◆ DATASET CONTENT ◆
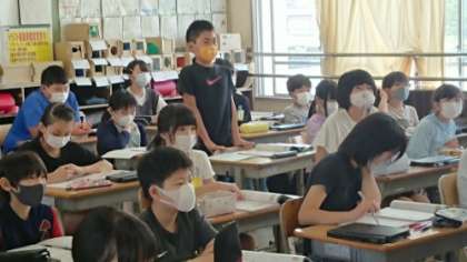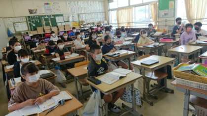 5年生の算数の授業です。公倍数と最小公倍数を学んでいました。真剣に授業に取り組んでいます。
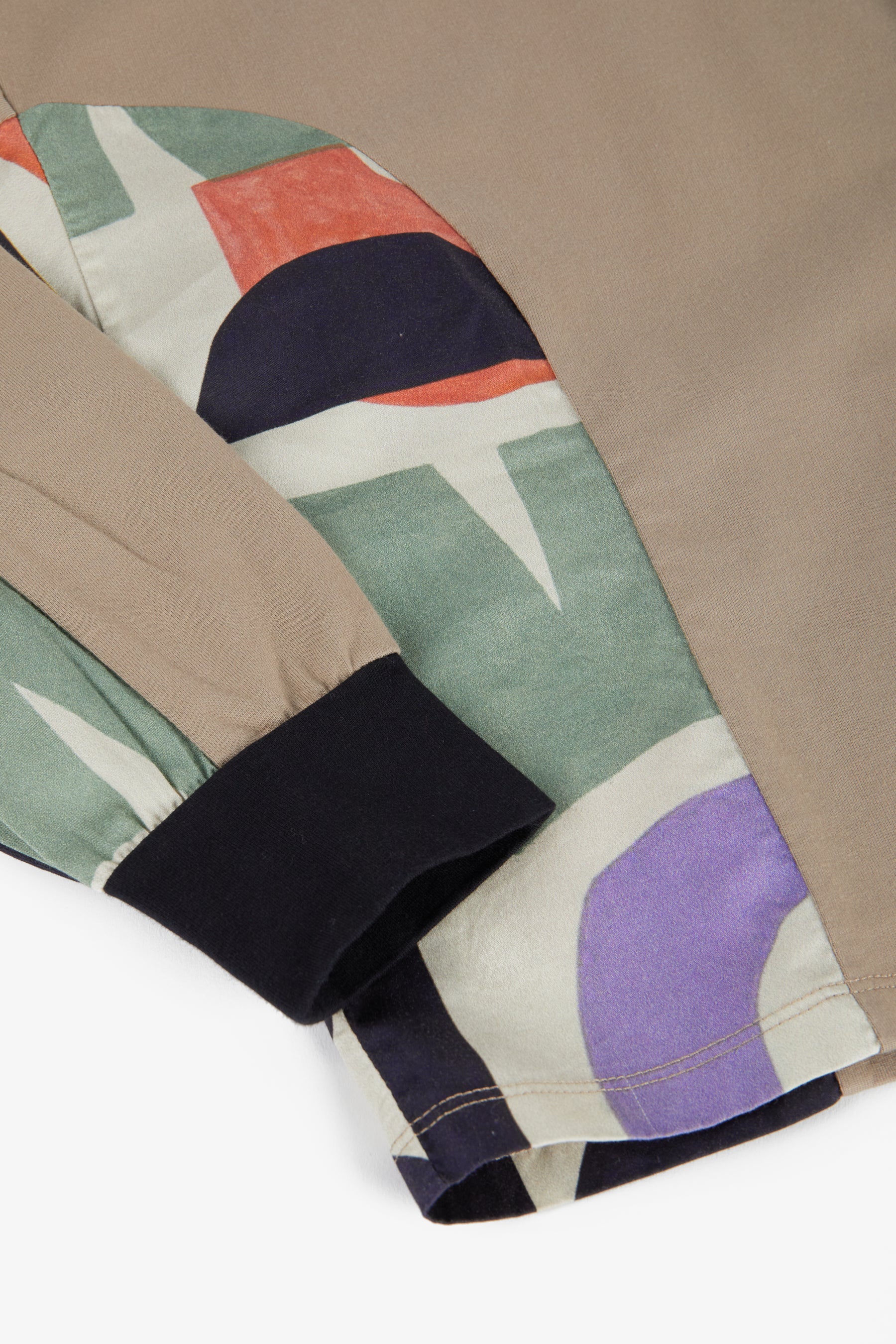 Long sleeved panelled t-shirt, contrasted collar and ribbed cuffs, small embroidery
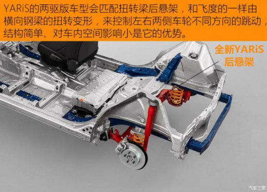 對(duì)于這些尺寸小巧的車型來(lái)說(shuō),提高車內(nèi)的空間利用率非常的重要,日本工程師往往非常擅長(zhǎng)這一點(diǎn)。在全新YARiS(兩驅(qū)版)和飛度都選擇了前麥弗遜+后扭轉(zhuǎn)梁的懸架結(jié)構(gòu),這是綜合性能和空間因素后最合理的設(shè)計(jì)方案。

◆ WORK REQUEST ◆
Write out the data in full and exactly as given, though without the images.

◆ RESPONSE ◆
 5年生の算数の授業です。公倍数と最小公倍数を学んでいました。真剣に授業に取り組んでいます。
 Long sleeved panelled t-shirt, contrasted collar and ribbed cuffs, small embroidery
 對(duì)于這些尺寸小巧的車型來(lái)說(shuō),提高車內(nèi)的空間利用率非常的重要,日本工程師往往非常擅長(zhǎng)這一點(diǎn)。在全新YARiS(兩驅(qū)版)和飛度都選擇了前麥弗遜+后扭轉(zhuǎn)梁的懸架結(jié)構(gòu),這是綜合性能和空間因素后最合理的設(shè)計(jì)方案。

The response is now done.